> DATA EXCERPTS:
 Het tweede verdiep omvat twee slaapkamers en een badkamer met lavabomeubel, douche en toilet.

--

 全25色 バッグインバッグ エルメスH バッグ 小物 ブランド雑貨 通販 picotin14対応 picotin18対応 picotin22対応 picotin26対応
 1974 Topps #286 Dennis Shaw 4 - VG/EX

> WHAT IS NEEDED: Could you return exactly the stretch of the data above that starts at the line with "全25色 バッグインバッグ エルメスH" and ends at the line with "1974 Topps #286 Dennis Shaw 4 - VG/EX", both lines included?

> YOUR SOLUTION:
 全25色 バッグインバッグ エルメスH バッグ 小物 ブランド雑貨 通販 picotin14対応 picotin18対応 picotin22対応 picotin26対応
 1974 Topps #286 Dennis Shaw 4 - VG/EX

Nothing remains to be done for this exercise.